The London-based crypto exchange, which is backed by Transferwise founder Taavet Hinrikus and venture capital firm Passion Capital, is the first offshore company to gain recognition as a regulated entity under Gibraltar’s flagship legislation for cryptocurrencies and blockchain companies. Under the British overseas territory’s regulatory framework, Coinfloor will be regulated as a DLT provider.
Obi Nwosu, the chief executive officer of Coinfloor, spoke favorably of Gibraltar’s licensing requirements and processes: “What impressed us was that this (legislation) was in the works for a long time. It’s been well thought out, well considered. They are focusing on quality over quantity.”
Nwosu said the company was asked to show it could abide by “nine principles” to obtain the DLT license. The requirements included robust know-your-customer and anti-money laundering policies, in addition to strong cyber-security and custody procedures.

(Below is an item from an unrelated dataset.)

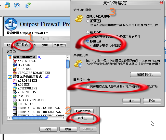 檔案註釋: Output Firewall Pro v2.6 - 選項→應用程式設定→元件
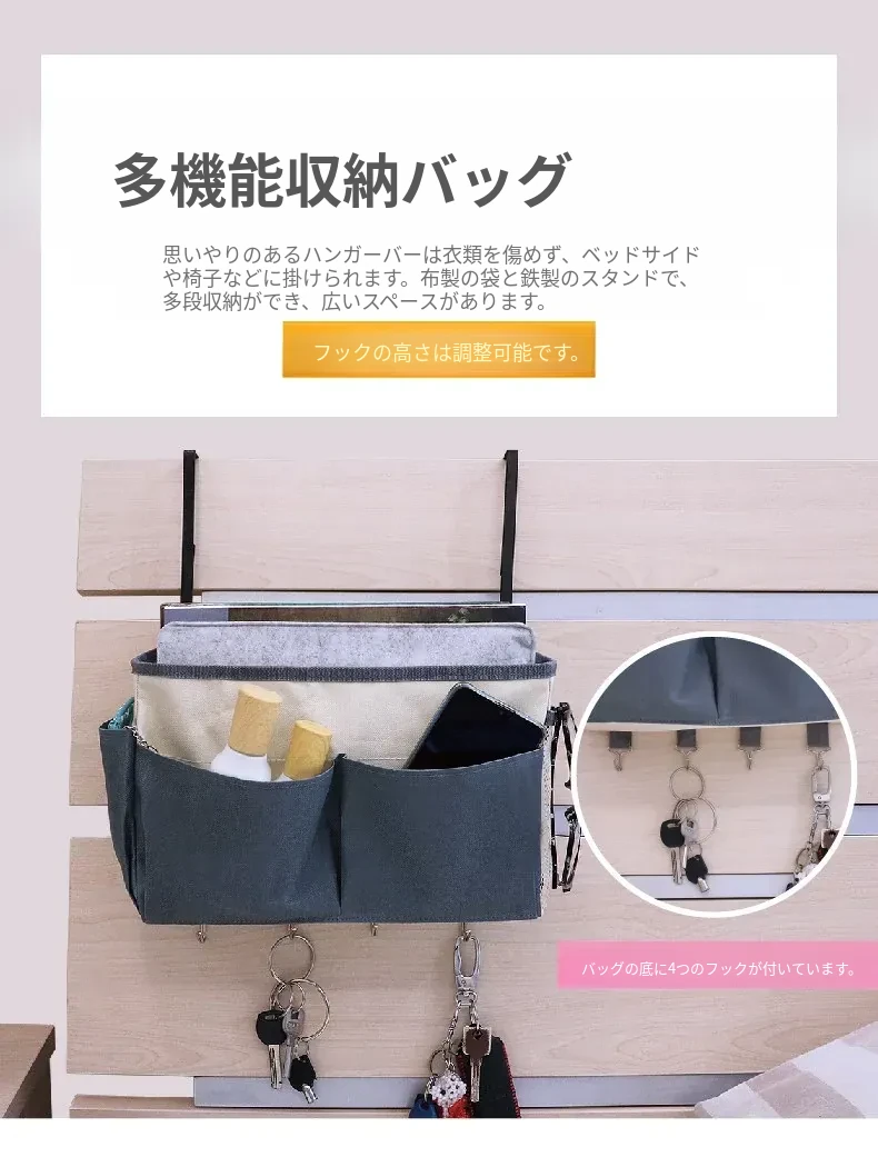 学生寮にぴったり!多機能布製収納ポケット ベッドサイドでスマートに整理整頓!小物もすっきり収納できる便利アイテム 寝室をおしゃれに演出します!

Earlier this month, it was reported that Coinfloor would lay off most of its roughly 40 employees, citing the prolonged cryptocurrency bear trend as the catalyst for the move. At the time, Nwosu said the company had witnessed “significant change in trade volume across the market,” adding: “Coinfloor is currently undergoing a business restructure to focus on our competitive advantages in the marketplace and to best serve our clients. As part of this restructure, we are making some staff changes and redundancies.”
Nwosu recently described the changes as a normal development. “It’s never desirable to make these changes, but it’s a natural part of the market cycle,” he said. “The market has contracted and you should make appropriate changes to your team … it’s happening across this space.”